Abstract

External cephalic version (ECV) lowers the incidence of breech presentation at term and limits the need for cesarean section in noncephalic births. Although tocolytic agents may improve success rates, they are time-consuming, may cause side effects, and have not been documented to lower rates of section delivery. The investigators attempted to determine whether tocolysis is helpful when ECV is tried again after an initial failed attempt. Using a randomized, double-blind, placebo-controlled design, 124 women with breech presentation at term were enrolled in the study. All of them had undergone attempted ECV without tocolysis but had failed to respond. None of them had an abnormal cardiotocograph after the attempt and none had heart disease, diabetes, or hypertension. Participants were randomly assigned to receive either tocolysis with ritodrine or placebo during a repeat attempt at ECV. Ritodrine at a concentration of 3 mg/mL was administered by syringe pump, starting at 1 mL/hour and increasing up to a maximum of 5 mL/hour. The mother's pulse was kept below 120 beats/min. A decrease in the need for elective cesarean section for breech presentation was the major reason for a decrease in operative deliveries.

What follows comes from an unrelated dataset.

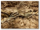 鎮西ヶ池では、また人の声が聞こえるか、耳を澄ましましたが、何も聞こえませんでした。先回聞いたのは、空耳だったのでしょう。カラマツ林の防火帯は相当に雨を含んだようで、やさしくそっと歩かないと、地表が崩れました。すみ沢の源流域では、白い川床を行く清流がさらさら、キラキラ。天に響くような小鳥の声と相まって、「あ、ここも桃源郷だ」と思いました。いつかこの沢の上流域で、じゃぶじゃぶ歩きをしてみたい気がします。

The frequency of cephalic presentation at delivery was significantly increased after tocolysis (relative risk [RR], 3.21; 95% confidence interval [CI], 1.23-8.39). The incidence of cesarean section declined (RR, 0.33; 95% CI, 0.14-0.80). For multiparous women, the RR for cephalic presentation at delivery was 9.38 (95% CI, 1.64-53.62). No significant effect of tocolysis was evident in nulliparous women. There were no changes in maternal or neonatal morbidity. Although pain scores did not differ between the active treatment and placebo groups, only one woman remained totally free of pain and approximately three fourths of women experienced discomfort. A second attempt at ECV for breech presentation will be substantially more effective if tocolysis is used, and fewer cesarean sections will be necessary. Using tocolysis only after a first attempt at ECV has failed, rather than in all nulliparous women, may well produce higher overall success rates with fewer side effects.